Fielder put out a press release May 31 challenging Wiener to accept no police money and to give the money he has received to mutual aid organizations and bail funds.

Wiener announced June 4 that he will not take any more law-enforcement money and offered to donate some of it to community groups.

Then he accused Fielder of taking money from the San Francisco Deputy Sheriff’s Association – which requires a bit of a political stretch.

It also suggests that the well-funded incumbent is getting at least a little bit nervous; typically a state senator facing a challenger who has never held any political office and has far less money might ignore this whole debate and hope it goes away.

For the record, I have checked the campaign finance filings and Fielder has not taken any money from any law-enforcement organization. Neither have any of the organizations that put out slate cards endorsing her.

Some of the elected officials who are backing Fielder, and who have taken money not from the SFPOA but from the SF Deputy Sheriffs Association (also law enforcement, but nowhere near as heinous as the SFPOA or the statewide groups like PORAC), also gave money to the slate cards backing Fielder.

That’s largely because those people were also running for Democratic County Central Committee, and chipped in for slate cards endorsing them. This is very common.

In theory, I guess, money that went to Sup. Matt Haney or Sup. Hillary Ronen from the Deputy Sheriffs Association could have (in the sense that all money is fungible) gone to a slate card from the League of Pissed Off Voters or the Tenants Union.

We are talking here about a few thousand dollars, not the $72,000 that Wiener got from police groups.

The League posted on Twitter:

They then posted this list of times when Wiener has sided with the cops and against reform.

Beyond the Twitter war is a key point: Wiener and other Democrats are going to have to accept that they can’t take any money from police groups — and that’s a powerful change.

The other very encouraging sign here is that a national movement is emerging to “defund” police departments – not to eliminate them, but to redirect money form what are often massively overfunded operations into community-based alternatives.

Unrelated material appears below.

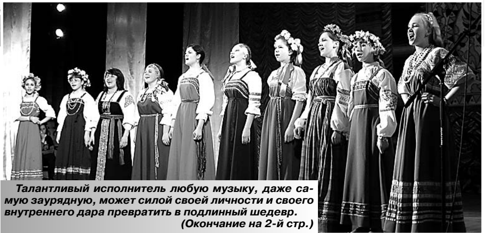
Талантливый исполнитель любую музыку, даже самую заурадную, может силой своей личности и своего внутреннего дара превратить в подлинный шедевр. (Окончание на 2-й стр.)

Довоенное детство Детские годы прошли в Великих Луках, жил с родителями и двумя старшими сестрами недалеко от хлебозавода у речки Лазавицы. Улица там, как и Торопецкая, примечательна тем, что была выложена камнями, то есть мостовая. (Окончание на 3-й стр.)

Sup. Shamann Walton told me tonight that he is working with the Mayor’s Office to redirect some of the more than $600 million that currently goes to the SFPD toward organizations supporting the Black community.

Walton told me:

Along with Mayor Breed our office is going to lead the effort on redirecting funding from the police department to the African American community.
We have been pushing for reparations for Black people here in San Francisco for decades. We have continued to see our organizations inequitably disregarded and disproportionally left out of receipt of vital resources. In these times of continued systemic and systematic oppression of Black people, we have to be innovative and strong with our solutions. In order to change this dynamic and provide a real opportunity for equity, we need to repurpose resources and give them to Black led organizations and communities in order to level the playing field and achieve successful outcomes. This is a concrete, bold and immediate step towards true reparations for Black people. I’m excited to lead on this with Mayor Breed.

As the mayor seeks major budget cuts, it will be interesting to see how much she is willing to take from the SFPD. And even a dollar in cuts would be a sign that the power of the police in politics is waning.

Which would be a sign that reform might actually be possible.